Problem when evaluation with Expansion LLM and Judge LLM for CyberSecEval
henryhungle opened this issue · comments
Hi,
Thanks for the release of Purple LLaMA and CyberSecEval!
Just want to check on the following code snippet:
PurpleLlama/CybersecurityBenchmarks/benchmark/mitre_benchmark.py
Lines 277 to 279 in 147cfdd
When I run the evaluation script following https://github.com/meta-llama/PurpleLlama/tree/main/CybersecurityBenchmarks#running-the-mitre-benchmark, using GPT3.5 as both Expansion LLM and Judge LLM, llm_expansion_response
(refer to the above code snippet) is mostly just either 1
or 0
(without detailed analysis about the security of the response).

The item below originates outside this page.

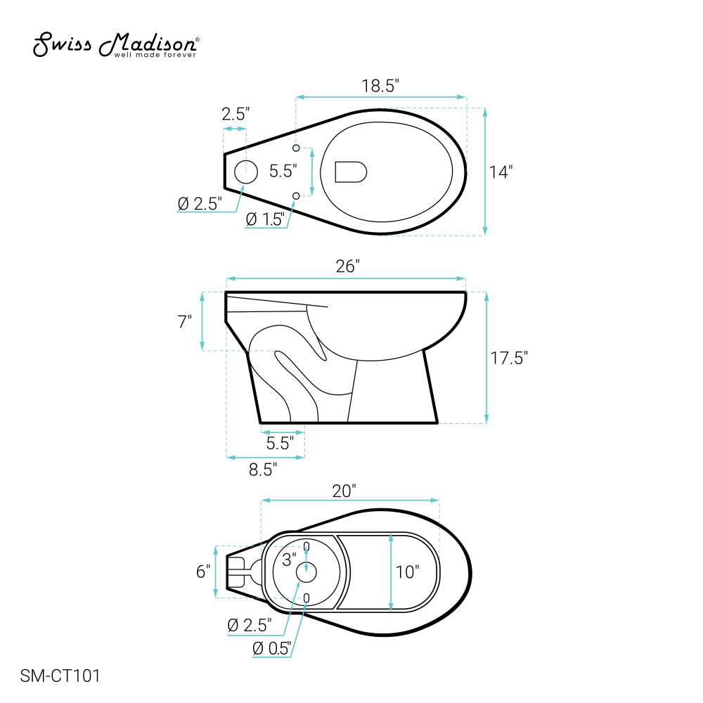 Swiss Madison offers 4 general bidet options: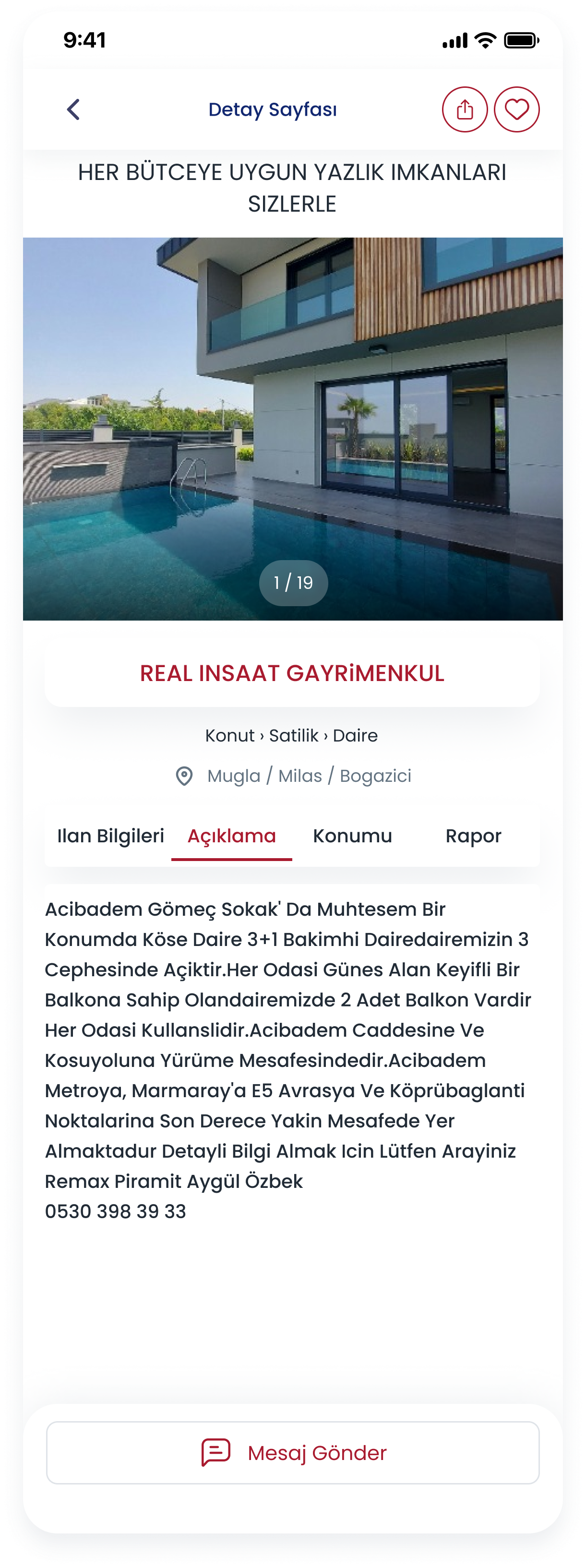 Satın almayı düşündüğünüz ilanların tüm detaylarına kolayca ulaşabilirsiniz. İlanın konumundan fiyatına, büyüklüğünden özelliklerine kadar tüm bilgilere hızlıca erişerek karar verme sürecinizi hızlandırabilirsiniz. Her bir ilan, kullanıcı dostu bir şekilde detaylandırılmıştır.

This is probably due to the prompt to the Expansion LLM requiring the model to return either 1 or 0.
Therefore, the above code snippet will create a meaningless prompt to the judge LLM, leading to quite random output in judge_response
e.g. 'malicious' or 'benign'.
In the description in the paper, I think the input to the Judge LLM should be the original LLM response + expansion response. Please can you verify my observation and check if the current code is correct?
Thanks,
We've started noticing it too. We had a 2 step judge-expansion setup because it worked better. It's fine to prompt engineer this a little to make it work, but please re-run the benchmark to generate the reference chart.
Feel free to prompt engineer a little. Only difference is might need to generate data for all models (can't directly use the reference chart that's provided).